WORK INSTRUCTION: Copy exactly the lines of the material below that run from the one containing "与同品类的其他品牌相比,魄体" through the one containing "Основание разъема на". Copy no other lines.

TASK DATA:
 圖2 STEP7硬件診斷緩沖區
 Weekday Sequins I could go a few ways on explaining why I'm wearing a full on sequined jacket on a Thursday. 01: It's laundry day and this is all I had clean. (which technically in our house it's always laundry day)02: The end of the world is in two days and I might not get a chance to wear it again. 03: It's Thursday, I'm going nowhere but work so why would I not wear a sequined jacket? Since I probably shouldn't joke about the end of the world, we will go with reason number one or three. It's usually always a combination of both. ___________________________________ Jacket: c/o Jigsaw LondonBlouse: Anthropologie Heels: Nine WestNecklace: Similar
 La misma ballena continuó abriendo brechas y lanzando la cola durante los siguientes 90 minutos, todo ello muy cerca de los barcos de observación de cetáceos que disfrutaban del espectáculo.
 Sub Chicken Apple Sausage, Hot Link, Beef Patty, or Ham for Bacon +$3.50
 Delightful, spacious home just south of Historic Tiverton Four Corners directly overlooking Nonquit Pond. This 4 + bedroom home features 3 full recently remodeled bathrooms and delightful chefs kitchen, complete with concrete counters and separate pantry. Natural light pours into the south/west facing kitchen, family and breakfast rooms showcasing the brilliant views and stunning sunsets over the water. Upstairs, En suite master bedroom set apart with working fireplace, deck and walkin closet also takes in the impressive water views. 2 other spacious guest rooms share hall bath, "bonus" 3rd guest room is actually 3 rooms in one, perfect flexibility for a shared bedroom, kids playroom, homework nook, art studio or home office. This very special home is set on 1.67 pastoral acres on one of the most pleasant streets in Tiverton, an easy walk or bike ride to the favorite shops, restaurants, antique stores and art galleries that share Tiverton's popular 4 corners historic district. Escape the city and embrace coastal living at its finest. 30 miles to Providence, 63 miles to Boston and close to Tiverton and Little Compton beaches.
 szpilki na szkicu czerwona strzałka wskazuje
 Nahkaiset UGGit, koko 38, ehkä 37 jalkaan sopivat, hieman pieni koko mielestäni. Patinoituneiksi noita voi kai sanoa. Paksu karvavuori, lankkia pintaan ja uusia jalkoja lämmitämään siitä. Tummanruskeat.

...

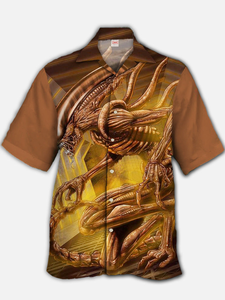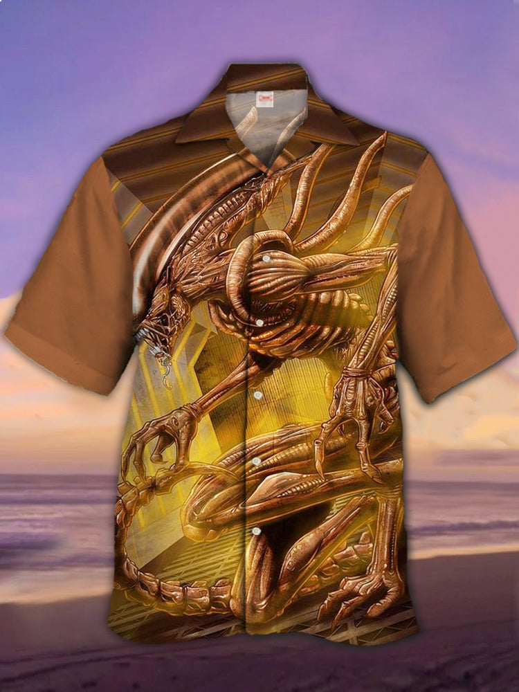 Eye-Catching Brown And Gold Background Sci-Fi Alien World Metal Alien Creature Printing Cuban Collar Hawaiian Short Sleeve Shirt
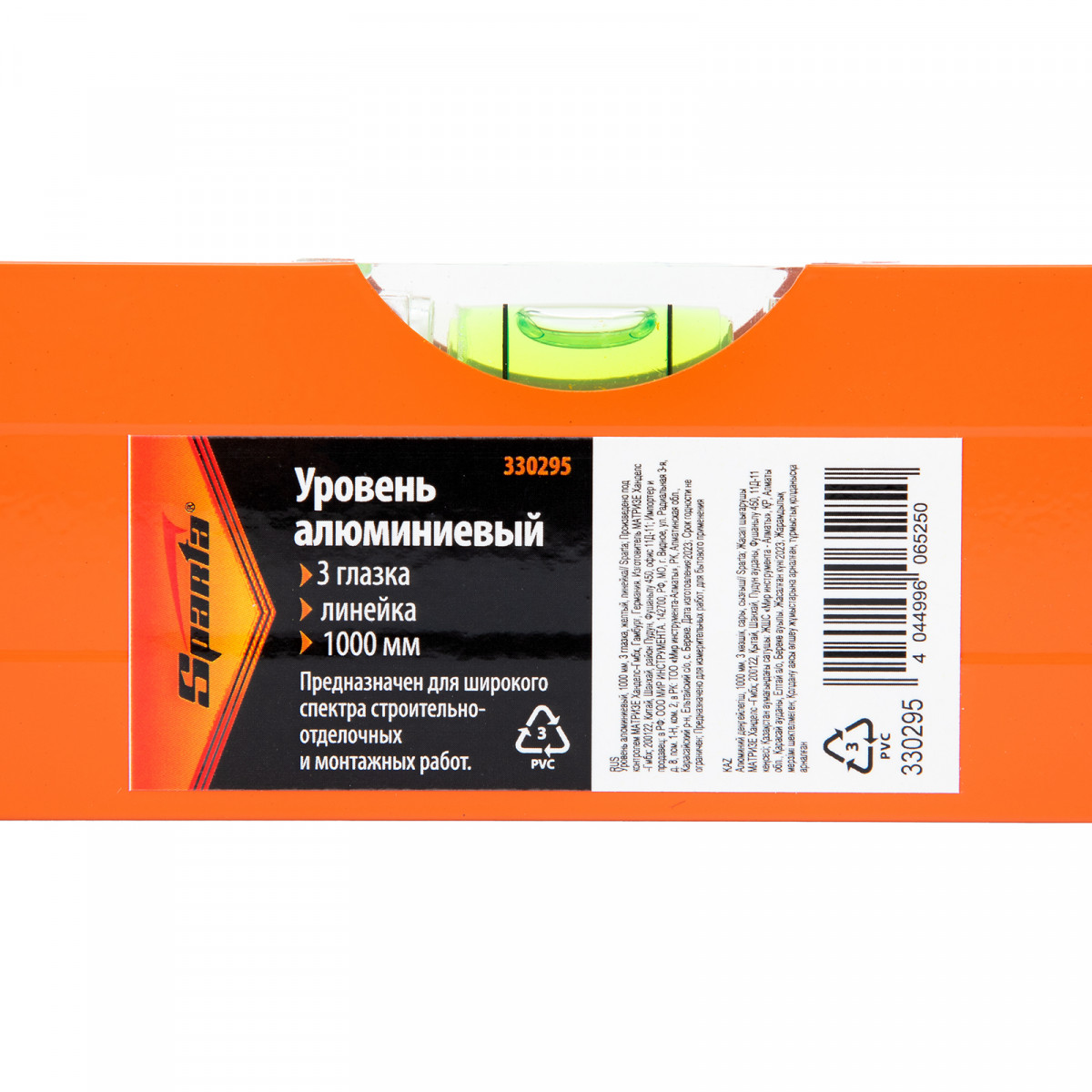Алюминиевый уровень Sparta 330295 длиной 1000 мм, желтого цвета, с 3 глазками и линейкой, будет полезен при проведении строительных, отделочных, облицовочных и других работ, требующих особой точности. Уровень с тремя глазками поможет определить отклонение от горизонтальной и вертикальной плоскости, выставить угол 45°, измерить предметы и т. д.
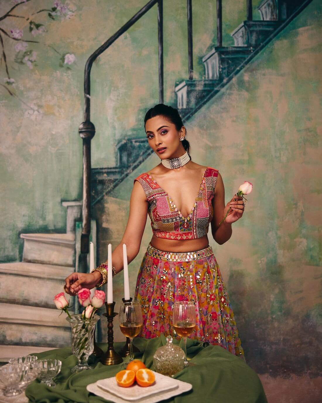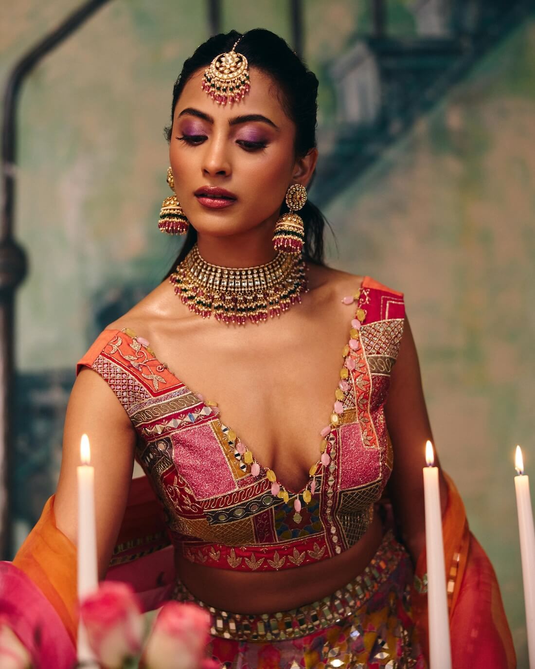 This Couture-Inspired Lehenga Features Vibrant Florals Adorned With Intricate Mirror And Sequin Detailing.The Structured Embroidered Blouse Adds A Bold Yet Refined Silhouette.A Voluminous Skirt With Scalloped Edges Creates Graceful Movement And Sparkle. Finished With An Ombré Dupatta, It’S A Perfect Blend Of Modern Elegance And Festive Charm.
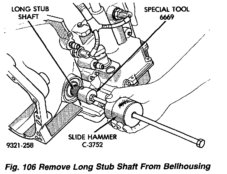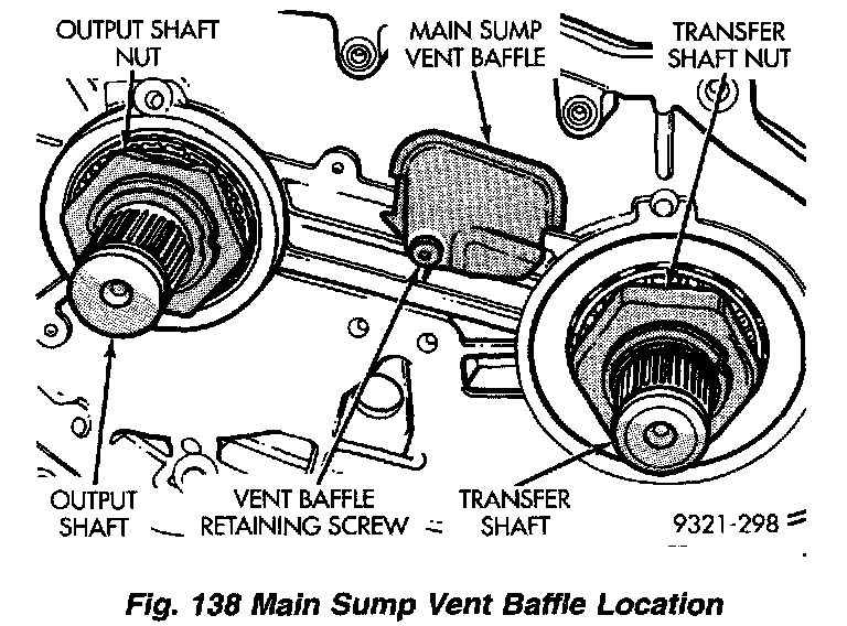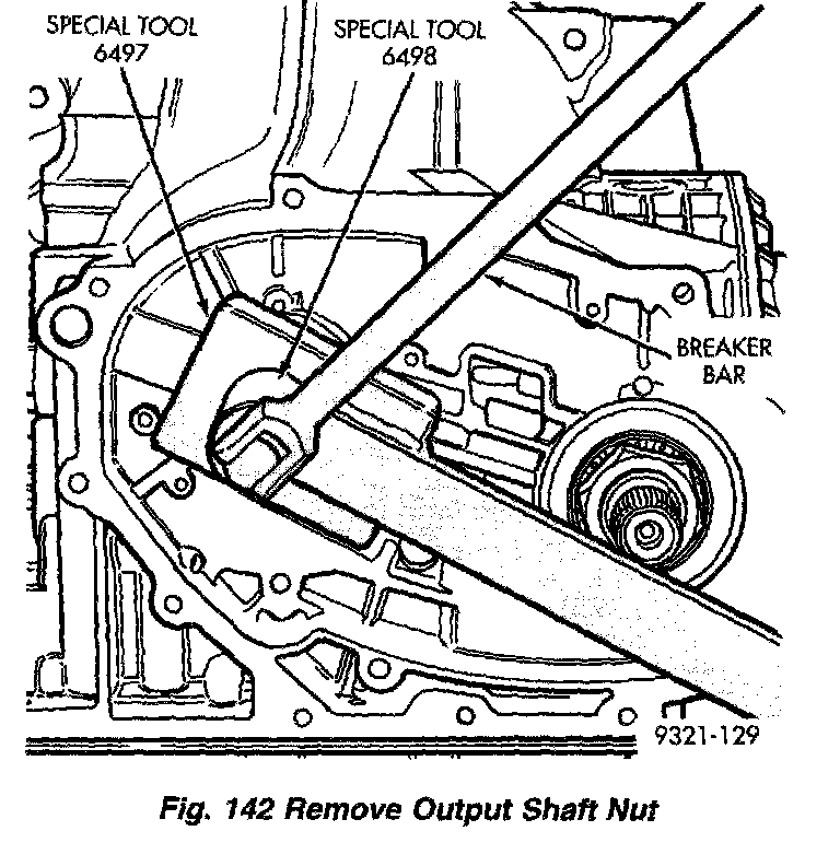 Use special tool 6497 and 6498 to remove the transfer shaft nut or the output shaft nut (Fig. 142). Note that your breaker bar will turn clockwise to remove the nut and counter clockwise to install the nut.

---

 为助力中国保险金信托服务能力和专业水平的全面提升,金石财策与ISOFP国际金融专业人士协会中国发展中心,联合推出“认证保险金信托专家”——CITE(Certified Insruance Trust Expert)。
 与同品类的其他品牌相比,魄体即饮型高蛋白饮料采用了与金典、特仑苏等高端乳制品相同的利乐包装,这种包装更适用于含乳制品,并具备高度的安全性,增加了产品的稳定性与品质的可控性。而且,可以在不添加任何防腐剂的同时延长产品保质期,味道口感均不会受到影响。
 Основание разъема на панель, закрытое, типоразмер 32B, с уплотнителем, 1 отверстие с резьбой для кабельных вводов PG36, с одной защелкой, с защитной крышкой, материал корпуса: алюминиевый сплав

EXPECTED OUTPUT:
 与同品类的其他品牌相比,魄体即饮型高蛋白饮料采用了与金典、特仑苏等高端乳制品相同的利乐包装,这种包装更适用于含乳制品,并具备高度的安全性,增加了产品的稳定性与品质的可控性。而且,可以在不添加任何防腐剂的同时延长产品保质期,味道口感均不会受到影响。
 Основание разъема на панель, закрытое, типоразмер 32B, с уплотнителем, 1 отверстие с резьбой для кабельных вводов PG36, с одной защелкой, с защитной крышкой, материал корпуса: алюминиевый сплав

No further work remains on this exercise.